Courts have been finding ways to avoid hearing bankruptcy cases for a long time. This practice distinguishes bankruptcy from other types of federal cases. The federal district courts operate under the twin principles that they are courts of limited jurisdiction and have a “virtually unflagging” obligation to exercise it. But those twin principles are inverted in bankruptcy. That is because bankruptcy courts do more than just resolve disputes; they solve problems.
Bankruptcy jurisdiction is expansive and dramatic. When a debtor commences a bankruptcy case, the bankruptcy court has jurisdiction not only over the case itself and proceedings “arising in” the case, but also a broad swath of cases “related to” the bankruptcy proceedings. Yet, unlike their district court relatives, bankruptcy courts have much broader authority to dismiss or abstain from hearing cases before them, as well as to reshape the contours of a bankruptcy case by lifting the stay or by allowing custodians to maintain control of property of the estate.
Bankruptcy courts wield that authority in a host of pragmatic, equitable, and surprising ways: pulling back when the case lacks a bankruptcy purpose, policing against a range of forum-shopping practices, abstaining when other insolvency proceedings are underway, and (most strikingly) stepping back when debtors and creditors are engaged in informal, out-of-court workouts. This Article refers to all these abstention or abstention-adjacent decisions as “bankruptcy abstention,” a mix of permissive and mandatory rules that provide contours to the jurisdiction of the bankruptcy courts by limning out bankruptcy’s “negative spaces.”
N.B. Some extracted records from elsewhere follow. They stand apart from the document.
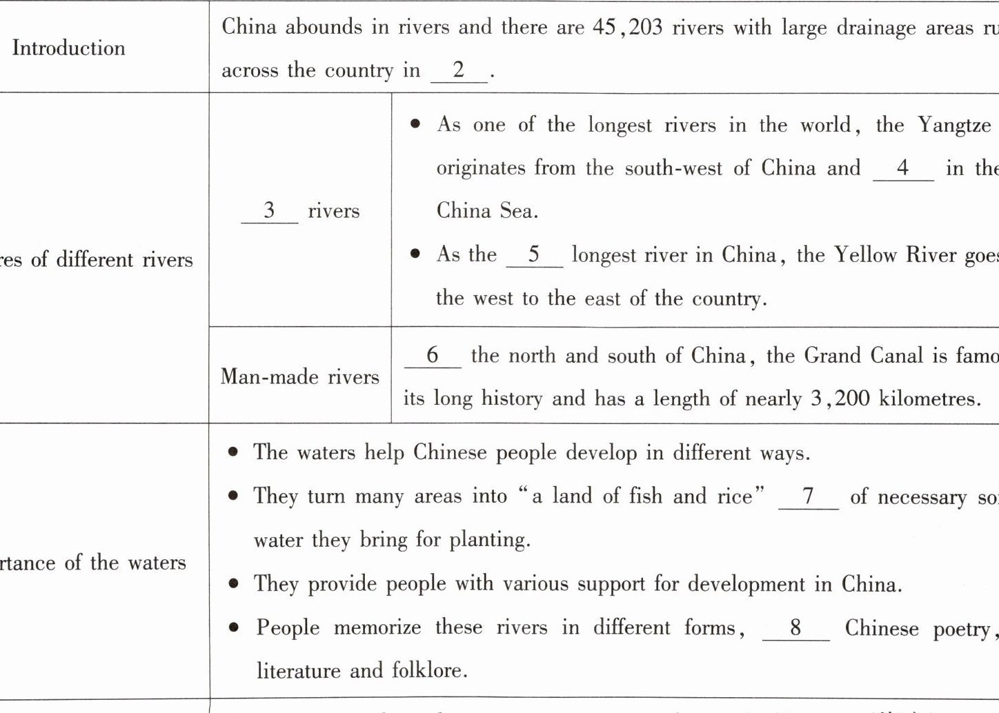 | Features of different rivers | 3 rivers | • As one of the longest rivers in the world, the Yangtze River originates from the south-west of China and 4 in the East China Sea. |
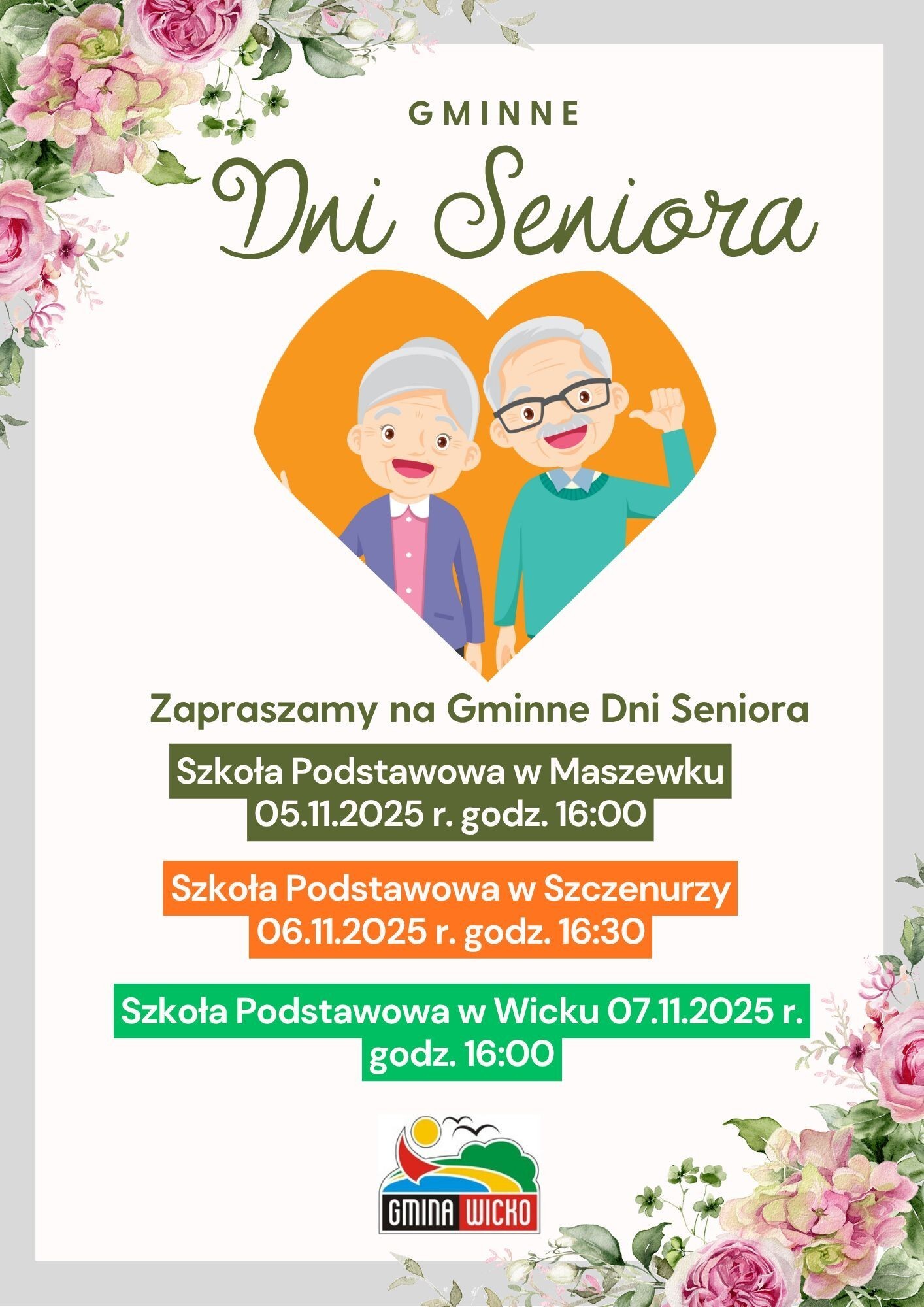 Serdecznie zapraszamy wszystkich Seniorów z terenu Gminy Wicko na uroczyste obchody Dnia Seniora!
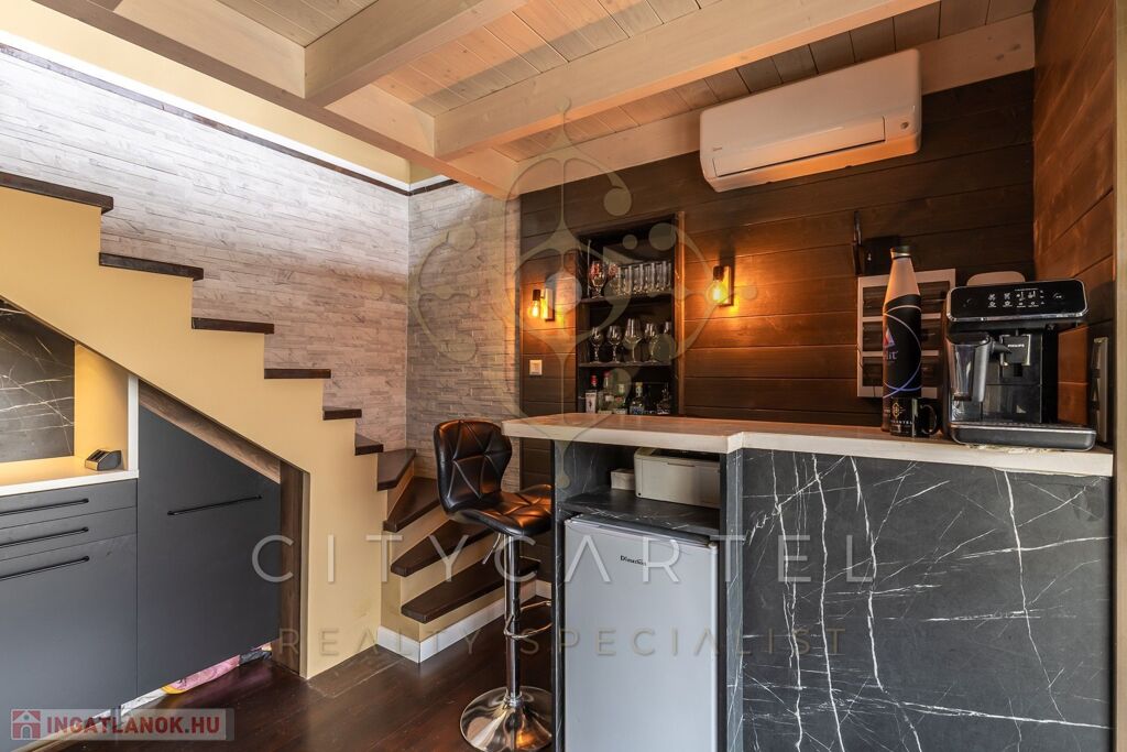 Az 1017 nm-es telken két, különálló, igényesen kialakított épület kapott helyet, valamint egy panorámás épített jacuzzi, hangulatos kültéri sütögető rész és egy tágas, kétállásos garázs.
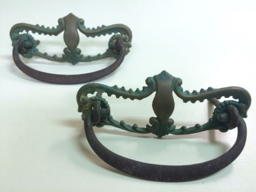 Title (ebay affiliate link): LOT B - 2 VINTAGE ANTIQUE BRASS DRESSER DRAWER PULLS FURNITURE HARDWARE
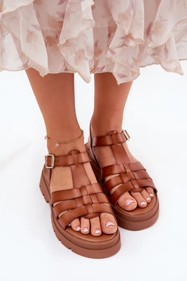Eko Skórzane Sandały Damskie Na Platformie Camel Nendales
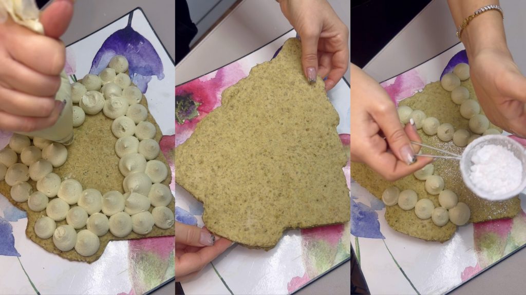 Para la preparación del Árbol Cream Tart Navideño al Pistacho Sin Huevo – Postre Festivo mira el video AQUÍ.
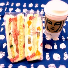 年度末はお昼休みがちゃんと取れるかビミョーだったので、 朝、サンドイッチTOMATO🍅で買ってきたサンドイッチとスタバのティーラテをいただきました🥪 しっとりと少し味の染みたパンが美味しいです☺
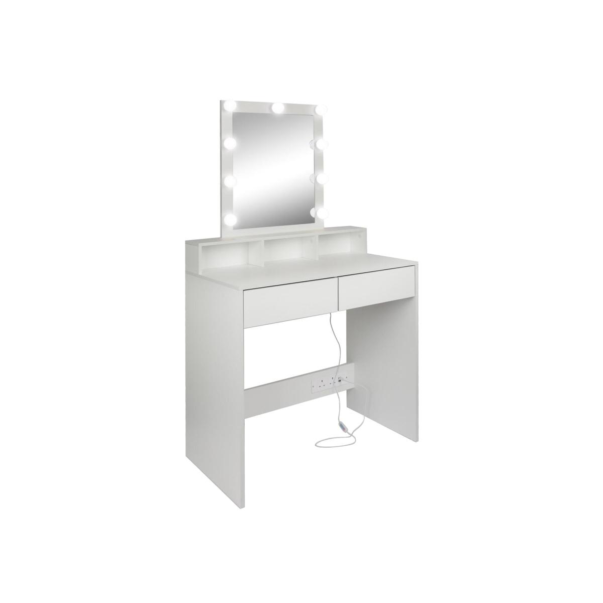 This Wooden Dressing Table from Harbour Housewares will provide the perfect personal preparation and self-care sanctuary within any bedroom, with a variety of handy features dedicated to making your morning or evening routine as fuss-free as possible. With its clean and compact silhouette, this table will slot in perfectly to even the smallest of spaces its crisp white finish adding a touch of contemporary style and elegance to any decor. The 40 x 50cm mirror offers excellent visibility when doing hair and makeup, and comes framed with 9 LED bulbs that can be adjusted to a range of warmth and brightness settings to give you the perfect lighting, every time. Two large drawers provide handy storage for hairdryers, straighteners and other tools that can be conveniently powered from the built-in plug sockets, while a set of three compartments on the tabletop let you keep your lipsticks, varnishes and other essentials organised and tidy.
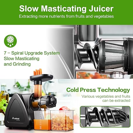 Thông tin sản phẩm AOBOSI Cold Press Juicer Machines with Reverse Function, Slow Masticating Juicer with Quiet Motor, High Juice Yield, Juice Cup Baffle and Brush for Easy Clean, Black
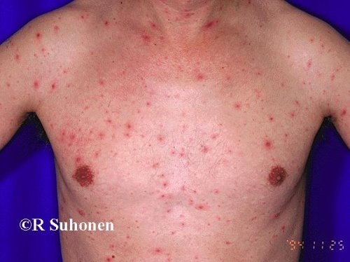 Chickenpox in an adult. Chickenpox can be a serious disease in the adult. The picture shows a mild case.
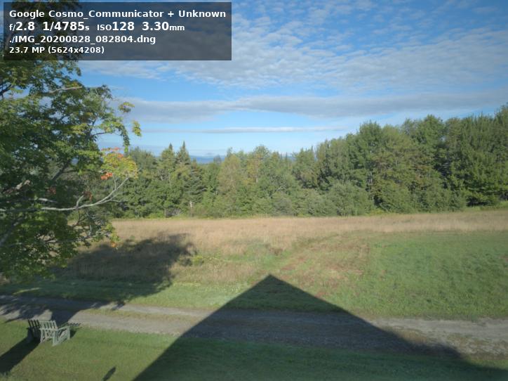 Now some of you are wondering about other camera apps like OpenCamera.  Garbage.  Forget it.  OpenCamera is great on other phones, but it produces the same toilet-quality images on the Cosmo as the stock camera app thanks to the underlying closed-source MediaTek libraries.  And for whatever reason, it can't save RAW images (produces a zero-length file).  At this point I don't know why the F1MinimalMod2.1 GCam port is able to save RAW while other apps can't, but I will surely find out in time if someone doesn't beat me to it.  I may even port GCam to the Cosmo.  After all, Planet Computers promised a "fantastic camera" (their own words on the Indiegogo story page).  They have not delivered!  But the Cosmo's camera sensor is indeed capable of delivering fantastic images!  Planet Computers, are you reading this?  Seriously, MediaTek, what were you thinking?  How can you knowingly butcher such fantastic image quality and assume no one will notice?

This Article maps out three situations when the bankruptcy courts pull back, explores what this unusual practice tells us about bankruptcy as an area of law, suggests how bankruptcy abstention might be refined, and proposes some lessons about the nature of courts along the way. While federalism principles can explain much of bankruptcy abstention, bankruptcy courts also pull back from re-adjudicating out-of-court workouts that they deem fair and efficient — even when the matters have not yet seen the inside of a courtroom. Bankruptcy courts also pull back when they perceive that the tools at their disposal are a poor fit for the problem they are being asked to solve. Bankruptcy abstention thus goes beyond federalism principles and demonstrates the character of the bankruptcy courts as courts of equity — courts that nurture what Alexander Bickel called the “passive virtues.” The Article suggests that we can rethink some of bankruptcy’s most contentious doctrines through that lens, coins the phrase “bankruptcy ripeness,” and provides new insight into the debate over bankruptcy exceptionalism. This reframing can, in turn, suggest guidance to attorneys, judges, and policymakers for how best to fine-tune the bankruptcy system — as well as provide lessons for other courts of equity in the American legal system. Finally, the Article proposes that bankruptcy abstention represents a new battlefield for old debates about bankruptcy theory and suggests that bankruptcy scholars think of institutionalism as a third way of theorizing bankruptcy law.